NT: How do you do it, Barry?

I have a simple philosophy of not being too imaginative and creative. I'm a dinosaur. We don't have a microwave oven or even a holding table. It's like a flashback to when you were young and rode your bike to a place and they cooked it right in front of you. The guys in Chicago are now trying to compete with fast food and the quality is worsening. I'd rather raise the price and give you what you came in for than lower it and make an inferior dog. I want to keep making them how I had them when I was a kid; that will never change.

What's your best-selling dog?

Definitely the Chicago dog. I just had some kids come in here this weekend and buy some twice in one day. They said they were from out of town and they just needed to have another one before they left. That's why I do it.

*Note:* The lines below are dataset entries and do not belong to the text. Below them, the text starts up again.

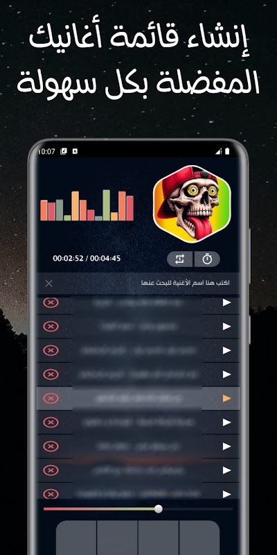 Aplicação de músicas antigas e novas de festivais populares egípcios em alta qualidade e sem Internet
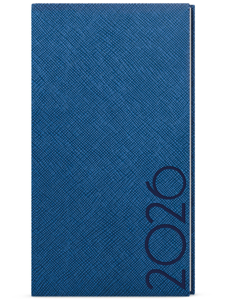 Kapesní týdenní diář v modré barvě se strukturovaným povrchem. Moderní doplněk do každé kapsy. Diář má velký prostor pro poznámky a plánování.
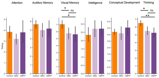 Performance in cognitive tasks assessed for AMC patients (light purple), OBPP patients (dark purple), and control children (orange). Asterisks between the bars indicate the significant difference shown by post hoc Mann–Whitney comparisons between two groups (* p < 0.05; ** p < 0.01, ns: not significant).
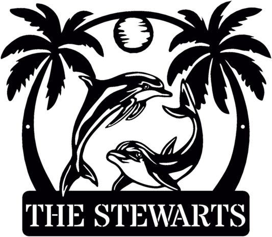 Tropical Dolphin Escape – Custom Metal Sign with Palm Trees & Sun (B92)
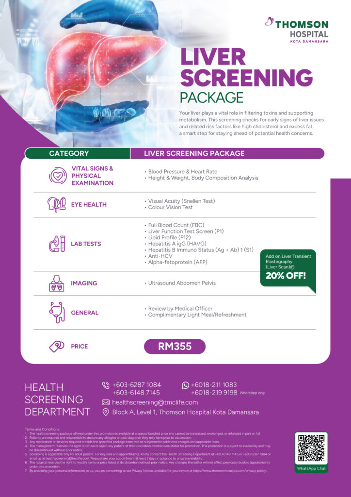- Screening is applicable only for adult patient. For inquiries and appointments, kindly contact the Health Screening Department at +603 6148 7145 or +603 6287 1084 or email us at healthscreening@tmclife.com. Please make your appointment at least 3 days in advance to ensure availability.
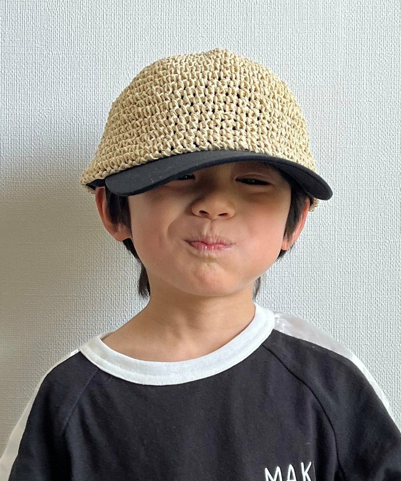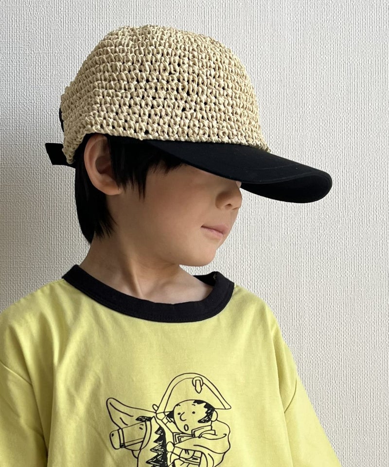 本体)指定外繊維(ペーパーヤーン)100% つば・天ボタン・後ろベルト・後ろパイピング部分)綿100%
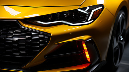 Close-up of the front headlight and wheel of a yellow modern car. Headlight on yellow car, front view, close up. Headlamps of a vehicle. Nobody, street photo

What do you eat when you're not eating franks?

Junk food! My father was a route dispenser, and he used to fill the vending machines in Chicago. So I would hang out with him and go to the Cubs games and distribute Snickers bars and stuff. But I eat good, my blood pressure's good, and I work out. I guess I have good genes, too.

Who would win in a fight: The giant, Chicago-stomping hot dog seen in posters, or Godzilla?

Oh, Godzilla would win; he'd eat the hot dog. It's just his size.